WORK TO BE COMPLETED:
Would you repeat exactly the part of the listing below that runs from the line containing "More die cut" down to the line containing "普京發表電視講話,宣佈局部軍事動員(視頻截圖)", inclusive, and nothing else?

SOURCE RECORDS:
<<<<

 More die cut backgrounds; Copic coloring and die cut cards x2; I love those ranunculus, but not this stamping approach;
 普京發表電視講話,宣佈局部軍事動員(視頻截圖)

>>>>
<<<<

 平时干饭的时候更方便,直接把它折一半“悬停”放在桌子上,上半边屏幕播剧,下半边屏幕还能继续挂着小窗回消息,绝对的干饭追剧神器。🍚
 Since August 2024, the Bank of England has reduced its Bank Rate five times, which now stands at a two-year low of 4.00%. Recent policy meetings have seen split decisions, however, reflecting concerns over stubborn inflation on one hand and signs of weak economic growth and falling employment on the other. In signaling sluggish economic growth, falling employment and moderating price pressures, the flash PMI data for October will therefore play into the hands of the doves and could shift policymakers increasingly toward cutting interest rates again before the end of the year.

>>>>

TASK ANSWER:
 More die cut backgrounds; Copic coloring and die cut cards x2; I love those ranunculus, but not this stamping approach;
 普京發表電視講話,宣佈局部軍事動員(視頻截圖)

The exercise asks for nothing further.